Ozzy Octave and the paint pots were the only characters who returned for the 2004 series, with Ozzy now voiced by Justin Fletcher. A new character was also introduced, Ozzy's nephew named Harry (voiced by Jane H. Pickworth).

====Episodes====
1. Jungle in the Jumble
2. Number 10
3. Important People
4. Noise
5. Scared
6. Friends
7. Teddy Day
8. Bed Time
9. Energy
10. Under the Sea
11. Happy
12. Colours
13. Rain
14. One
15. In the Garden
16. Strange People
17. Boats
18. Under
19. In the Town
20. Christmas
21. Birds
22. Soft
23. Hands
24. Mice
25. Favourite Songs
26. Kings and Queens
27. How Do You Feel?
28. Songs to Please Cal
29. Songs to Please OJ
30. Songs to Please Cookie
31. Songs to Please Melody
32. Songs to Please Paige
33. Transport
34. In the Sky
35. Hot
36. Favourite Food
37. Words
38. Tiny Creatures
39. Blue
40. Snow
41. Sad
42. Spiders
43. In the Countryside
44. Yellow
45. Things That Grow
46. Cats and Dogs
47. Up and Down
48. Two
49. Sailors
50. Fun Song Farm
51. Five
52. Easter

====Live Show====
In 2006, a live show produced by Imagine Theatre (under license from Entertainment Rights) featuring the cast toured theatres across the United Kingdom. The show featured brand new songs that were not heard in the TV series. A series of shows performed at Butlins holiday parks in June 2008 featured Dave Benson Phillips and Emma Quintin as presenters.

====DVD releases====
In the United Kingdom, a double-VHS/DVD release of the series, titled "Favourite Songs"/"Farm" was released by Universal Pictures (UK) Ltd (through Right Entertainment) in August 2005. Containing twelve episode altogether.
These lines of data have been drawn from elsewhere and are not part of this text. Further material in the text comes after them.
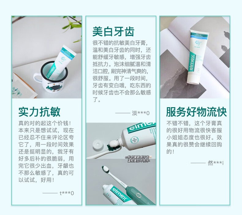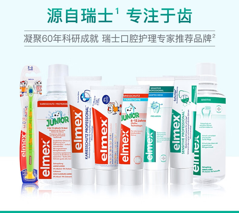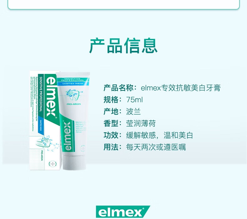 ELMEX艾美适抗过敏去垢亮白 美白牙膏75ml*2
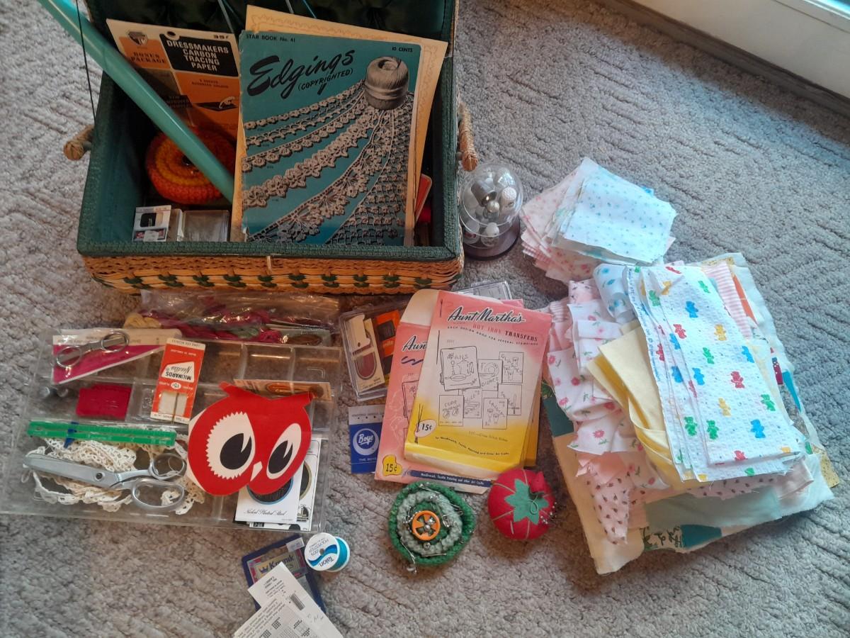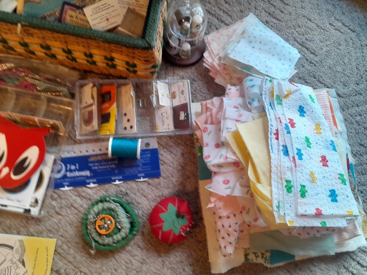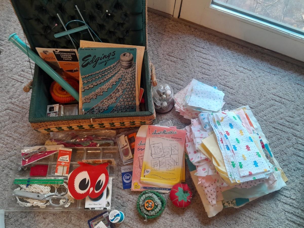 SEWING NEEDLES, PATTERNS, THREAD, FABRIC, SEWING BOX, AND MORE
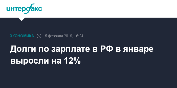 Москва. 15 февраля. INTERFAX.RU - Просроченная задолженность по заработной плате в России на 1 февраля 2019 года составила 2 млрд 711 млн рублей, увеличившись за январь на 291,1 млн рублей, или на 12%, сообщил в четверг Росстат.
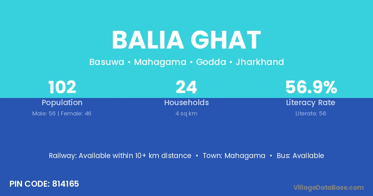 Balia Ghat village has a total population of 102 people, of which 56 are males and 46 are females.
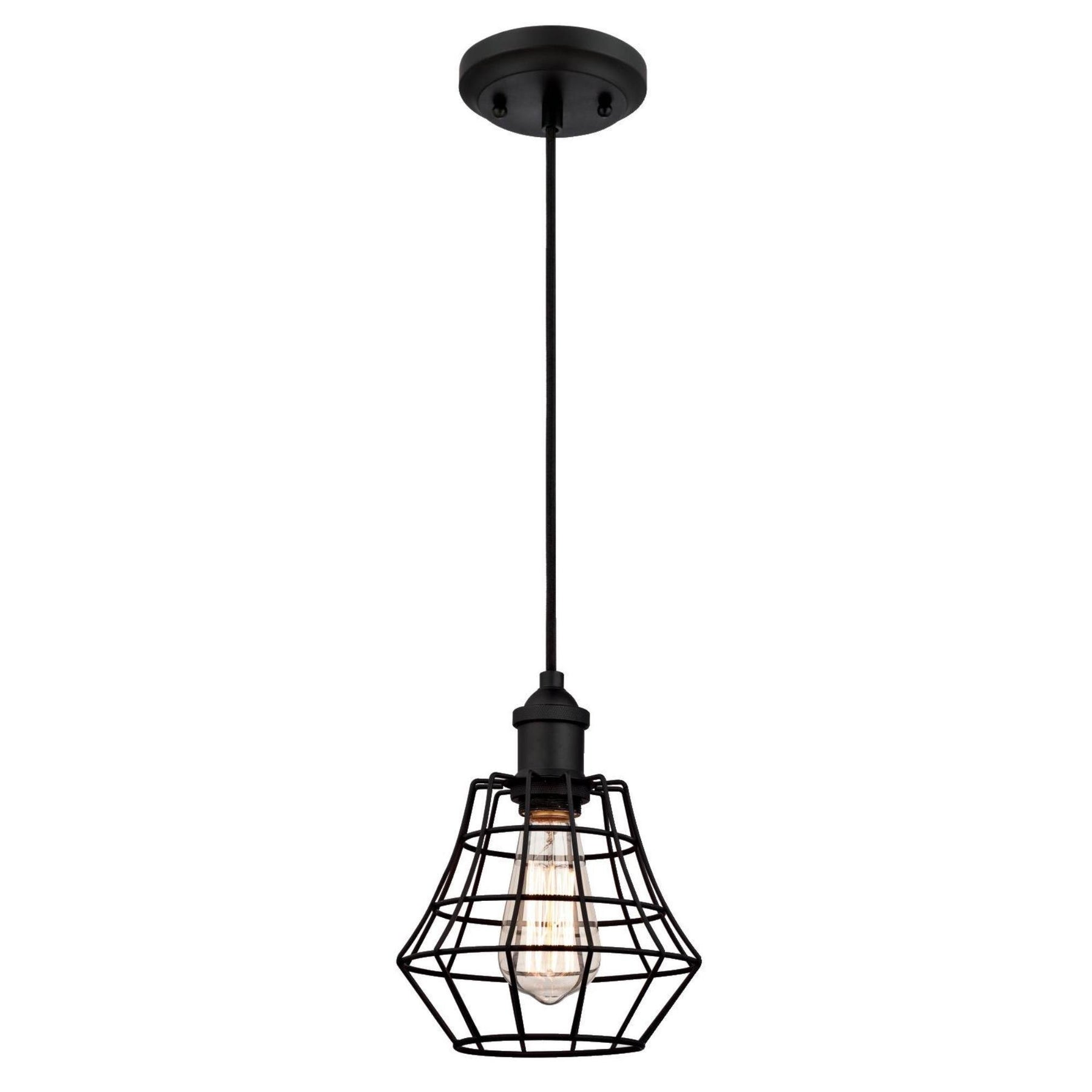 One-light Mini Pendant with angled Bell cage shade and Matte black finish adds understated retro style to any room | May be installed on sloped ceilings, includes instructions and mounting hardware for easy installation | Height 9 1/4 inches, Diameter 7 1/2 inches, Adjustable cord length 50 inches, Maximum hanging length 61 inches | Uses one 60-watt medium-base light bulb (not included), for vintage appeal use Westinghouse timeless or filament LED light bulbs | Five-year limited warranty against defects in materials and workmanship, ETL/cetl listed

In Singapore, HVN Entertainment released thirteen 4-episode DVD and VCD volumes of the series that made up the entire series. The volumes were titled "In the Countryside", "Songs to Please", "In the Town", "Things That Grow", "Transport", "Birds", "Sailors", "Words", "Kings & Queens", "Energy", "Important People", "In the Garden" and "Friends".

====Album====
In 2006, an album containing several action songs from the show was released by Demon Music Group under their "Little Demon" imprint and Right Records, titled "Songsational".

===Magical Musical Market===
In 2019 creator and original presenter Iain Lauchlan produced a new series titled "Magical Musical Market" for his production company "Checky Chimps TV". The show is designed to fit a similar format as Fun Song Factory itself but instead is set in a market. Lauchlan presents each episode along with two children. The children visit a different stall and meet its owner (played by Lauchlan) and then sing a song related to an item being sold. At the beginning of each episode Lauchlan and the children must sing a song in order for the market to open. Many of the songs featured were carried over from Fun Song. Episodes were also broadcast on its official YouTube channel.